Now what does that mean? It's a very interesting expression. Literally it means, don't allow your mind to be pushed into the mold of the age. That's what it really says. Don't allow your mind to be pushed into the mold of the age in which you live—the values and the mindset that characterize the age in which you live. But instead, be transformed. That word "transformed" is the word from which we get our English word "metamorphosis." Be metamorphosized by the renewing of your mind. So that you may prove what the will of God is, that which is good and acceptable and perfect. Colossians chapter 3 verse 2 says, "Set your minds on things above."

When God saved us, He changed our minds. He allowed us to see again. He allowed us to understand the truth again. But that begins a process that continues throughout our lives—a process of being renewed in our minds. Our minds play a crucial role in our faith. In Matthew 22 you remember the words of Christ. He says, "Love the Lord your God with all your mind."

Your mind! In 1 Corinthians 14 verses 14 to 16, Paul says pray with your mind. And he says—this is interesting—sing with your mind. When we lift our praise to God, does your mind engage? Paul says sing with your mind.

Another author writes "Too many people go to church not to think or to reason about the truths of Scripture, but to get their weekly spiritual high—to feel that God is still with them. Such people are spiritually unstable because they base their lives on feeling rather than on thinking." Now why is it true that if you base your life on emotion rather than thinking, you're more unstable as a believer? Well, John Stott, in his book Your Mind Matters warns about living by feelings. Listen to what he says, "Sin has more dangerous effects on our faculty of feeling than on our faculty of thinking." Why is it that sin would affect our feelings more than they affect our thoughts? He goes on "Because our opinions, or our thoughts, are more easily checked and regulated by revealed truth than our experiences." It's a lot easier to hold your thinking against the standard of God's Word than to hold your experiences. So, your experience is prone—your feelings are prone to a lot more misleading. We must choose, Paul says, to think, and to think rightly. In fact, this whole issue of thinking determines whether or not you're a believer. It demonstrates whether or not you're truly in Christ. Turn to Romans chapter 8. Paul lays down in Romans chapter 8 a dichotomy between those who are Christians and those who aren't. And he says in verse 5,

Those who are according to the flesh [that is, who are unregenerate, and you'll see that as this passage develops—they] set their minds on the things of the flesh, but those who are according to the Spirit, [they] set their minds on the things of the Spirit. For the mind set on the flesh is death, but the mind set on the Spirit is life and peace, because the mind set on the flesh is hostile toward God; for it does not subject itself to the law of God, for it is not even able to do so, and those who are in the flesh cannot please God.

You and I must choose to set our minds on the things above, as Paul says in Colossians 3. That's the issue in Philippians chapter 4. When we come to Philippians chapter 4, Paul is saying, choose to set your mind on the right things. And he says spiritual stability is the result of how a person thinks. This morning, if you would characterize yourself honestly as not being spiritually stable, then I can promise you that a great deal of the problem is how you think and what you choose to think about.
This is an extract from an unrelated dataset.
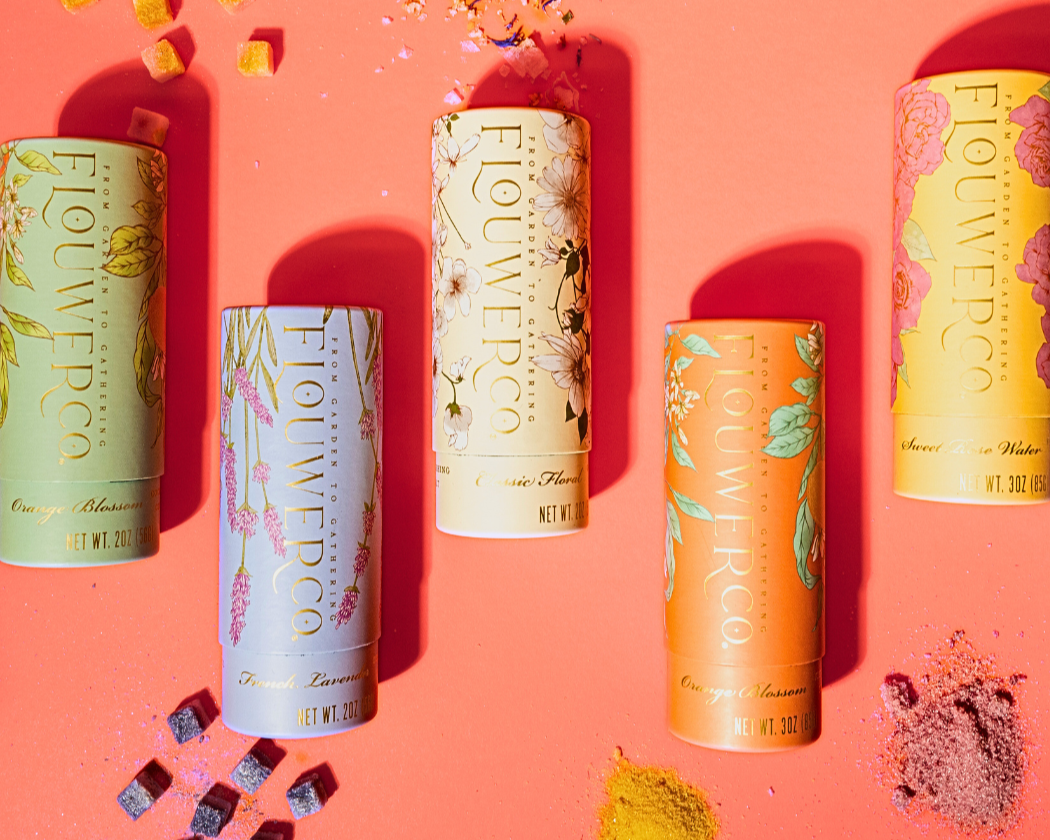 Orange Blossom Cocktail Cubes - Ingredients: Cane Sugar, Pure Orange Extract (Alcohol (90%), Natural Oil of Orange, Water), Orange Blossom Water (Propylene Glycol, Alcohol (45%), Orange Oil, Orange Blossom), Marigold Petals*, 100% Organic Annatto Powder, 100% Organic Safflower Powder. Sweet Rose Water Cocktail Cubes - Ingredients: Cane Sugar, Madagascar Bourbon Pure Vanilla Extract (Water, Cane Alcohol (35%), Cane Sugar, Vanilla Bean Extractives), Rose Water (Cane Alcohol (90%), Natural Flavors, Glycerin, Rose Oil), Organic Rose Petals, Hibiscus Flower Powder. French Lavender Cocktail Cubes - Ingredients: Cane Sugar, Pure Lavender Extract (Alcohol (66%), Water, Natural Lavender Oil), Pure Lemon Extract (Alcohol (90%), Natural Oil of Lemon, Water), Lavender, 100% Pure Black Goji Berry Powder. *Organically Grown Orange Blossom Finishing Sugar - Ingredients: Cane Sugar, Pure Orange Extract (Alcohol (90%), Natural Oil of Orange, Water), Orange Blossom Water (Propylene Glycol, Alcohol (45%), Orange Oil, Orange Blossom), Cornstarch, Marigold Petals*, 100% Organic Annatto Powder, 100% Organic Safflower Powder. Sweet Rose Water Finishing Sugar - Ingredients: Cane Sugar, Madagascar Bourbon Pure Vanilla Extract (Water, Cane Alcohol (35%), Cane Sugar, Vanilla Bean Extractives), Rose Water (Cane Alcohol (90%), Natural Flavors, Glycerin, Rose Oil), Cornstarch, Organic Rose Petals, Hibiscus Flower Powder. French Lavender Finishing Sugar - Ingredients: Cane Sugar, Pure Lavender Extract (Alcohol (66%), Water, Natural Lavender Oil), Pure Lemon Extract (Alcohol (90%), Natural Oil of Lemon, Water), Cornstarch, Lavender, !00% Pure Black Goji Berry Powder. Organic Butterfly Pea Flower. *Organically Grown Classic Floral Garnishing Salt - Ingredients: Sea Salt Flakes, Dried Herbs, Edible Flower Petals* *Organically grown. This salt does not supply iodine, a necessary nutrient.

Keep your thumb in Philippians chapter 4—we're going to come back there and look at it in detail in a moment but turn to Psalm 139. David underscores this point. In Psalm 139, verse 23, these familiar words—we even sing them in a familiar tune. He says, "Search me, O God, and know my heart; try me and know my anxious thoughts; and see if there be any hurtful way in me, and lead me in the everlasting way."

Now there are a couple of conclusions we can make from those verses. The first, and this is a really a frightening thought, is that God knows our thoughts. In fact, you go earlier in Psalm 139 and it says God knows our thoughts from a distance. The idea is, God knows our thoughts before we think them. In fact, because of God's omniscience—that is, God's knowing everything and His knowing it eternally—God knew every thought you would ever have in eternity past before He ever created you. God knows our thoughts. But there's another conclusion in these two verses, and that is, that any real and lasting change in our lives must begin with our thoughts. David says, God, ransack my heart, look at my thoughts, and then I'll be able to pursue the everlasting way. Real lasting change starts within, with our thoughts.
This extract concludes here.